A few of Oppenborn’s team members crouch at the open doors near the back of the cabin, dropping paper streamers to the green ground below. They’re measuring wind drift.

As the plane climbs, its two pilots make passes over the parachute team’s drop area. Team members crouch by the doors, using thumb signals to show pilots their landing coordinates.

“It’s like piloting a plane from the back,” Sgt. Brandon Valle, 25, said.

Saturday, the winds were calm with few gusts, which made it easier to calculate the jump, team members said.

Hitting a target the size of a pizza box takes special people, and the Golden Knights are just that. They’re an elite group who undergo a strenuous tryout and training process that takes months.

Sgt. Brandie Phillips, 23, said she’s been on several hundred jumps with the Golden Knights. She was a medical technician before she tried out and made the parachute team a year ago. She said every jump is different, and she approaches her work like a professional athlete.

“This is honestly the best job I have ever had,” Phillips says just before she leaves her seat to line up with team members at the back of the cabin.

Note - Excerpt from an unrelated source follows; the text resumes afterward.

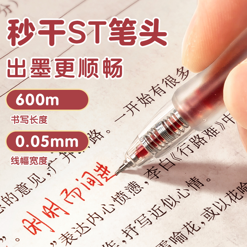 三年二班×点石红笔速干学生用红色中性笔老师专用粗头批改作业高颜值柔绘笔直液式刷题笔圆珠笔勃艮第红水笔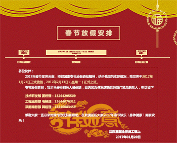 感谢大家长久以来对沈阳嘉越的支持与帮助。在此提前祝各位2017年春节快乐,身体健康,万事如意,鸡年大吉!

Then a team leader gives the signal.

As the team jumps through the doors, the wind draft slams into them at 120 miles an hour, literally sucking them out of the cabin.

It’s like a scene from a cartoon. One second they’re there. The next, they’re gone, leaving behind a trail of red smoke swirling from canisters bracketed to their ankles.

Empty of its jumpers, the pilots bank the plane hard over Janesville, down to the heat of the airport runway.

Just before landing, the pilots buzz past the crowd, giving fans one last view of the ship that drops its Knights from the sky.